JUSTIN
SEONYONG
LEE


Scikit-Learn Compatible Implementation of k-means--

November 2019


In this project, I implemented an extension to the sklearn KMeans class, based on the algorithm introduced in the paper k-means--: A Unified Approach to Clustering and Outlier Detection by Chawla and Gionis (2013).

My extension allows the user to add tunable outlier labeling into the normal k-means algorithm via a hyperparameter. Because the extension is implemented as an sklearn transformer, this hyperparameter can be tuned within an sklearn Pipeline object via cross-valiation along with all of the other k-means hyperparameters. After the algorithm is trained, it handles each new sample to cluster either by assigning it a cluster label, or explicitly marking it as an outlier.

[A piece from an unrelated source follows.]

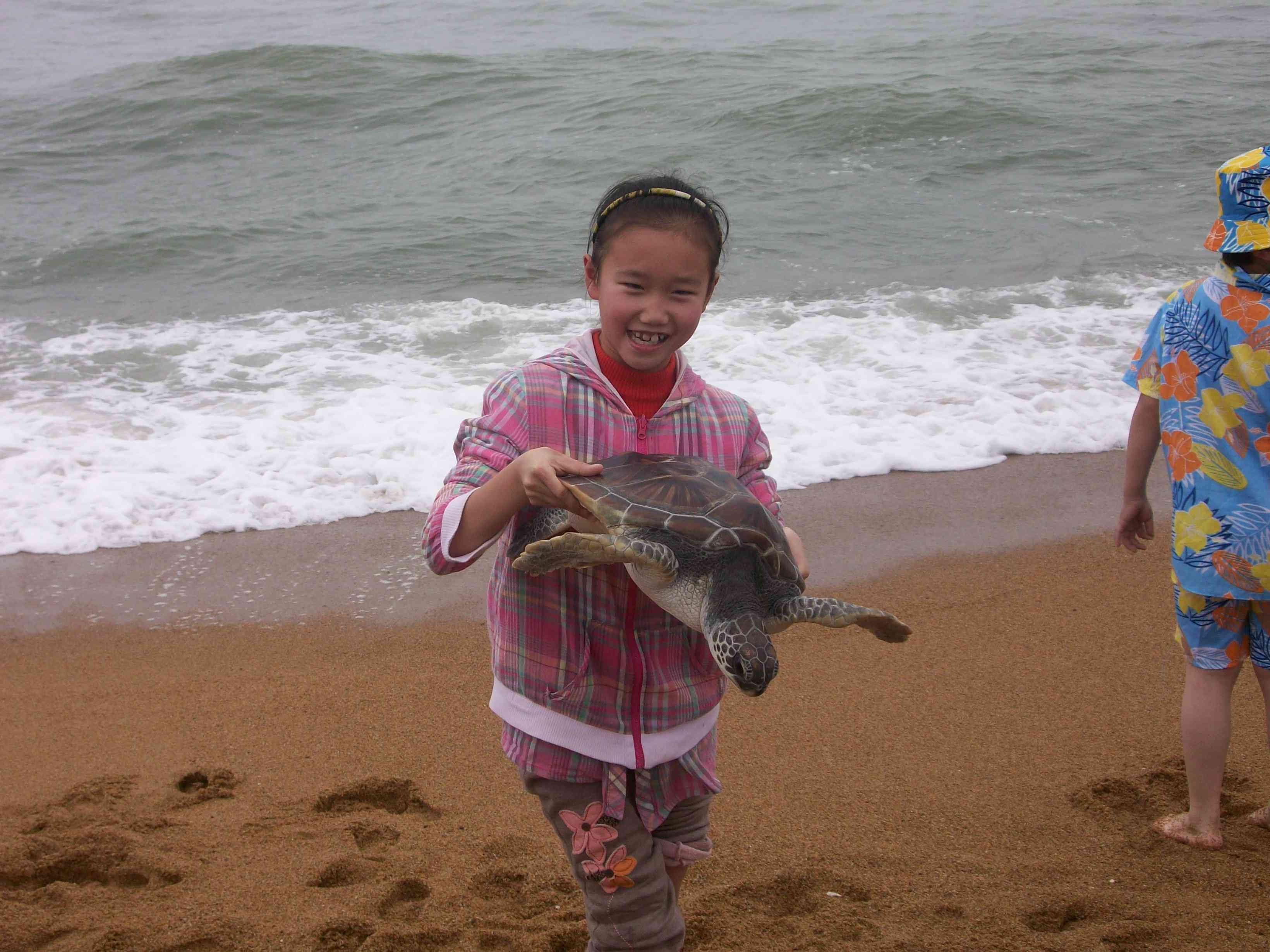 下了船,我们在海边休息了片刻,观赏着人们尽情玩耍﹑嬉戏的画面。在那边,一个勇敢的小女孩竟然拿了一个大海龟,一向勇敢的我也觉得挺害怕的。其实,动物都是人类的好伙伴,它们不会轻易的伤害人类。看似可怕地海龟其实是一种温顺的动物。听说龟是一种长的很慢的动物,那么大的海龟得有多大的寿命呀!我多想把这只海龟带回家呀,可是我知道不能因为我一个人一时的快乐,而伤害海龟一家的幸福,可能它还有需要照顾的父母﹑子女吧!

Below, I will go over relevant details of the paper, describe key design choices that give this extension a light runtime footprint, and give some demonstrations of the class applied to the MNIST dataset.


The Paper [Top]

The paper addresses a key deficiency of the well-known k-means clustering algorithm: its results can be drastically altered by the presence of a handful of outliers. The premise of k-means itself is simple: the user first specifies how many clusters they are seeking to find in their training dataset (an integer $k$). The goal is then to determine $k$ points in the same vector space as the training data that characterize each cluster.

The process of determining these cluster centers is an example of an Expectation-Maximization (EM) algorithm, as it alternates between a probability assignment phase and a parameter update phase. The first phase consists of determining the cluster membership of each datapoint via its closest cluster center; using a set of parameters (in this case, cluster centers) to compute probabilities of different labels corresponds to the "Expectation" step in EM. In this case, however, the assigned "probabilties" are simply 1 for the closest cluster center and 0 for all others. The second phase is to update the cluster centers to equal the centroids of the newly labeled clusters, also known as the "Maximization" step. This process is then repeated until no point changes its cluster membership, or until a fixed number of iterations.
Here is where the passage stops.